Li’l Woody’s – Capitol Hill, Seattle

Posted on: Thursday 19 January 2012

I’ve walked by Li’l Woody’s many times and I’ve seen their posters on light posts. Shirley and I finally went there for a weekday lunch on a wintry day. It was mostly cloudy and welcomed sunshine shimmered through the grey clouds intermittently. The snowstorm forecast provoked a sense of impending doom across Seattle but a meal at Li’l Woody’s will cheer up any hypochondriac!

I had to read this sign twice to appreciate the humour!

Is the cute mascot a baby Sasquatch wearing a pair of stone washed overalls?

The counter greeted patrons at the entrance. An open plan kitchen and several bar tables were downstairs, and additional seating were on the mezzanine level of the loft. Li’l Woody’s branded t-shirts were pegged a string for sale.

Framed by rustic wooden planks, the menu was stencilled a little high on the tangerine wall. I squinted and shuffled backwards to read it.

A burger decal next to the menu whetted our appetite.

A practical mix of wooden slats, tiles and stainless steel decorated the open plan kitchen. As we waited for our number to be called, we watched the chefs deftly assemble burgers.

Despite the cold weather we both sipped a decadently thick Molly Moon’s Theo Chocolate milkshake.

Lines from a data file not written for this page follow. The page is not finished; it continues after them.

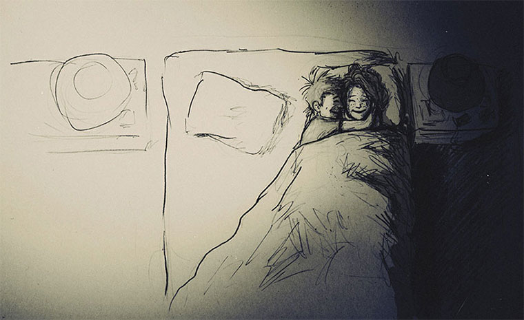„I started a daily sketch blog a while back when my wife, Jordin, was doing a ‘Photo 365’ project. Many of the drawings ended up being of the two os us. During that year, many people told us they felt like they got to know us better through the drawings, like they were a peek into our personal life.“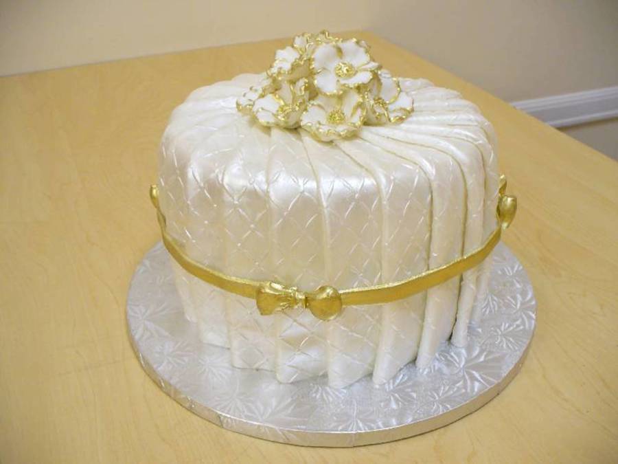 Pleated fondant, gold ribbon, silcone molds for roses, gilded in gold.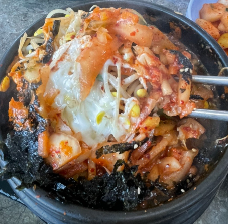 - 대파, 청양고추, 고춧가루를 올리고 달걀 하나를 톡 떨어뜨려 마무리합니다.
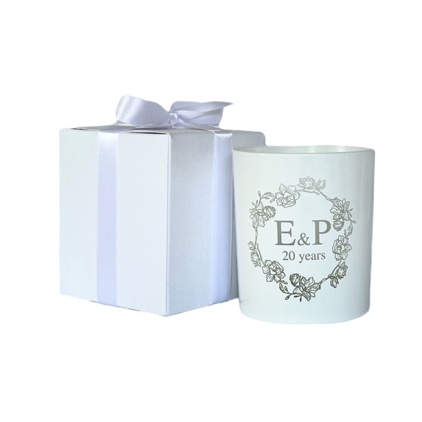 Atelier 38, Large Soy Candles, Luxury Large Candles, Large Scented Candles, Multiwick Candles, Big Soy Candles, Bergamot, Verbena & Basil, Large Natural Candles, Weddings, Events, Home Styling, Teachers gift, personalised gifts, gifts for friends, personalised candle – Personalised Anniversary Candle Gloss White – Orange & Patchouli – Atelier 38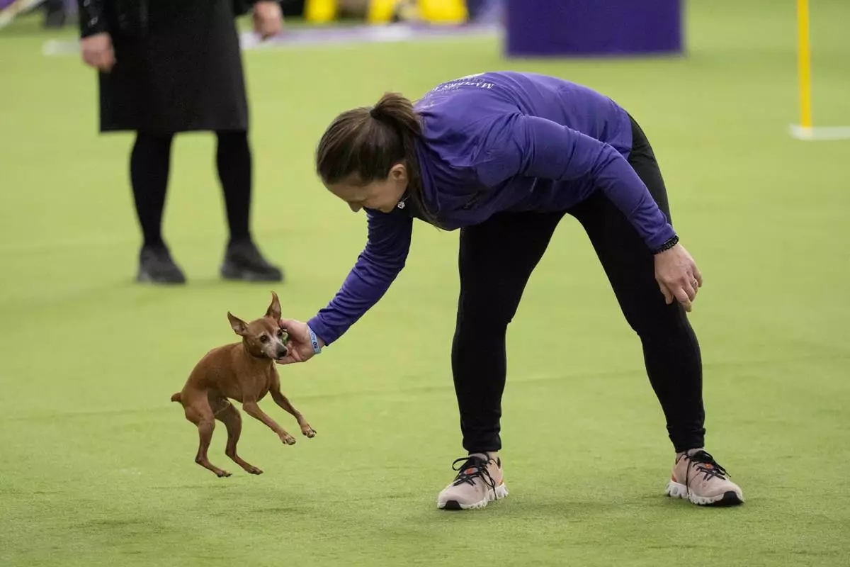 A handler and Gabby, Papillion dog, poses for a picture after competing in the Masters Agility Championship Finals at the 150th Westminster Kennel Club Dog show, Saturday, Jan. 31, 2026, at the in New York. (AP Photo/Yuki Iwamura)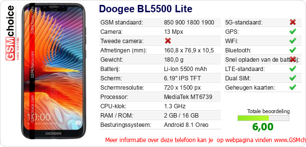 Gegevens van de telefoon Doogee BL5500 Lite op jouw webpagina

I selected the eponymous Li’l Woody burger. Served in a traditional diner style basket lined with red chequered parchment, the burger had a quarter pound of Painted Hills beef patty with Tillamook cheddar, diced onions, pickles, ketchup and mayonnaise. It was a scrumptious combination and the sturdy bun absorbed the flavours of the fresh ingredients.

Coated in a golden batter, the onion rings were crunchy and the allium translucent on the inside. There was a variety of sauces to pair with.

Shirley chose the Pendleton which had a third of a pound of Painted Hills beef patty, Tillamook cheddar, onion ring, mayonnaise and house made barbecue sauce. Lettuce, tomato and other extras, including peanut butter (!), were priced at fifty cents or a dollar. The side of hand cut French fries were well cooked.

We perched on the stools and chatted for a while, reluctant to exit into the blustery chill.